One solution is for a single subscription agreement to be signed by investors governing the terms of the total £1.5m funding. This will provide for the SEIS shares to be issued upon signing of the agreement. It will also provide for the EIS shares to be issued subject to the 70% requirement mentioned above first having been satisfied. The subscription agreement will provide for the money for the EIS issue to be provided by the investors at completion of the SEIS issue upon terms which provide for it to be paid into a solicitor’s client account, to be held to the order of the investors. The terms of the documentation provide authority from the investors for the money in the solicitor’s account to be released to the company by way of subscription for the EIS shares only when the 70% requirement is satisfied. A director of the company will certify when the condition is satisfied and the solicitors will provide an undertaking to confirm that the money will be released to the company when this certification is provided. The company will also be obliged to issue the EIS shares when the certification is provided. With care being taken in respect of the implementation of these arrangements, the main aims of the company are secured in a SEIS/EIS compliant way.
Some SEIS founder shareholder traps
In cases where a founder shareholder will own no more than 30% of a start-up company’s share capital after a SEIS fund raising, SEIS relief is potentially available to the founder. A typical case may involve two founders who set up a company with one share each, paying £1 for each share. This is then followed by a SEIS funding from friends and family, with the founders putting in money as part of this funding. Following the funding, the founders’ percentage interest in the company’s share capital is diluted to no more than 30% each and so it would appear that they can satisfy the SEIS requirement that they hold no more than 30% of the share capital.
One trap arises from the fact that this 30% restriction applies in the period starting with incorporation of the company and ending three years after the issue of the SEIS shares. So holding a 50% interest in the period preceding the SEIS issue precludes the founder from claiming SEIS relief on his subsequent investment. This problem can be avoided if during the period preceding the SEIS issue, the company does not trade or make preparations for carrying on its business, but this will often not be possible. So it may be better to consider whether it is possible to have a greater number of individuals (who are not “connected” in tax terms) involved at the stage of formation of the company such that none has more than 30%.

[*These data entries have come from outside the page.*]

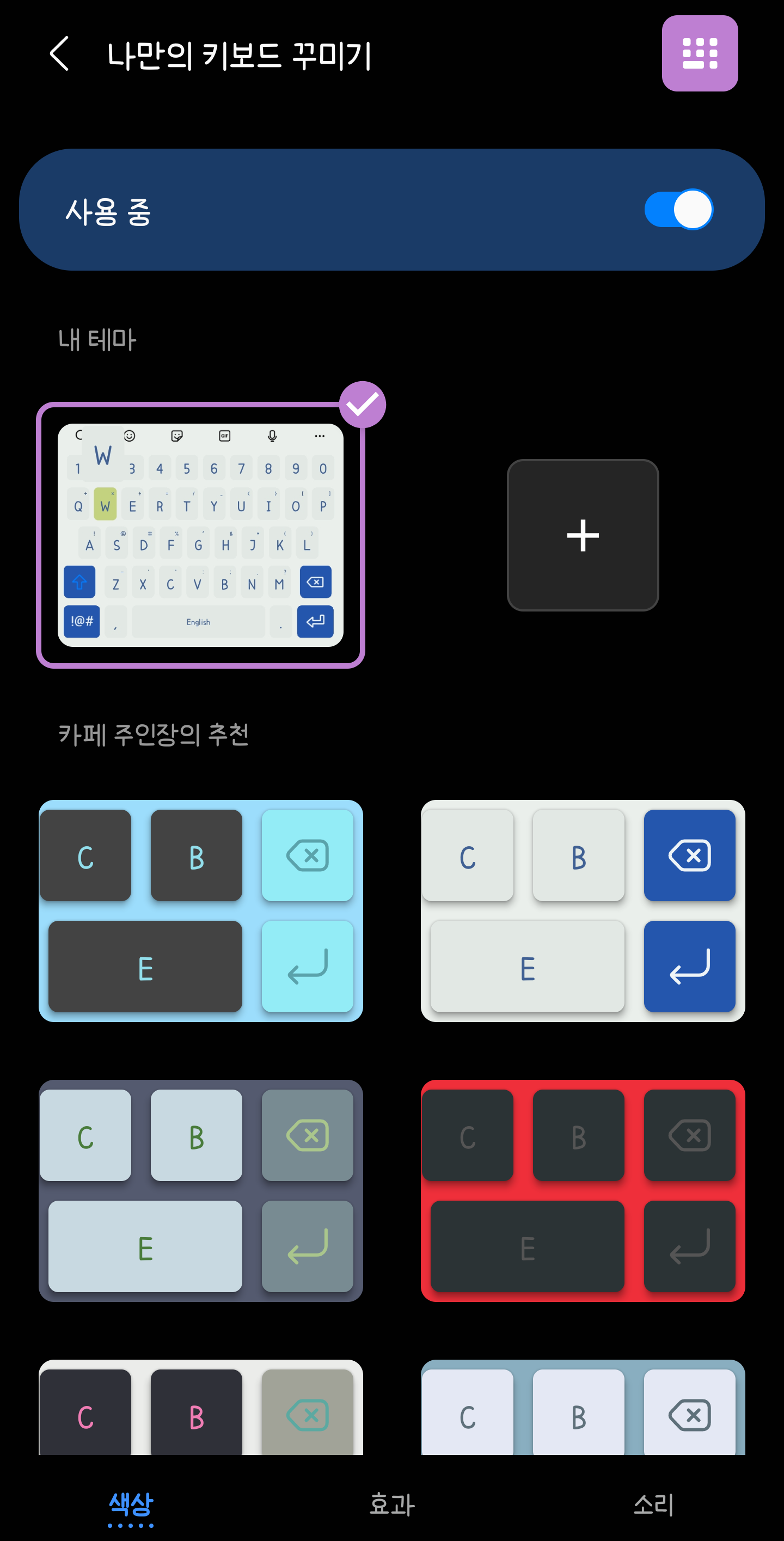 4. 이곳에서 나만의 키보드를 적용해주시면 됩니다! 아주 간단하죠?
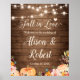 Crie o seu próprio Sinal de Casamento com este modelo "Fall in Love String Lights Rustic Welcome Poster" para combinar as cores e o estilo do seu casamento. Este design de alta qualidade é fácil de personalizar para ser exclusivamente seu!
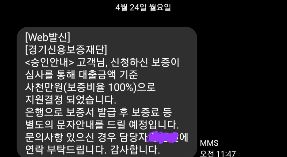 그리고 한시간 후 바로 문자를 받았다.
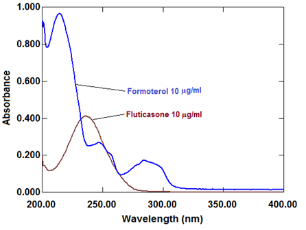 Amplitude modulation method: The zero order spectra was obtained as mentioned in simultaneous equation method. The amplitude of ratio spectra for fluticasone and formoterol at isoabsorptive point 232nm and 286nm were recorded respectively.
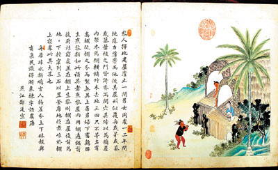 记者在省博物馆看到《琼黎风俗图》是一本一尺见方,共15开页,以图、文相配的形式描绘黎族群众建屋、编织、耕种、对歌、嫁娶、渔猎、贸易、涉水、谈判等社会风俗的册页。

Another point to note is that SEIS will not be available if, in the same period, the investor is an employee without also being a director. So, typically, any founder who may be looking for SEIS relief should be appointed as a director from the outset.
If such problems are circumvented, it should also be appreciated that the share issued to the founder on formation of the company is unlikely to eligible for SEIS relief. This is of no consequence in terms of income tax relief, in view of the tiny amount paid for that share. However, if that share comes to represent more than a minimal amount of the founder’s total post-SEIS funding shareholding, this will have an impact on the extent to which a sale of the total shareholding at a future date can benefit from the CGT exemption. This problem can be addressed by ensuring that the initial share issued on formation is diluted to an insignificant proportion of the founder’s shareholding after the SEIS funding; i.e. by careful management from an early stage of the number and denomination (e.g. use of shares of 1p each on company formation) of shares to be issued.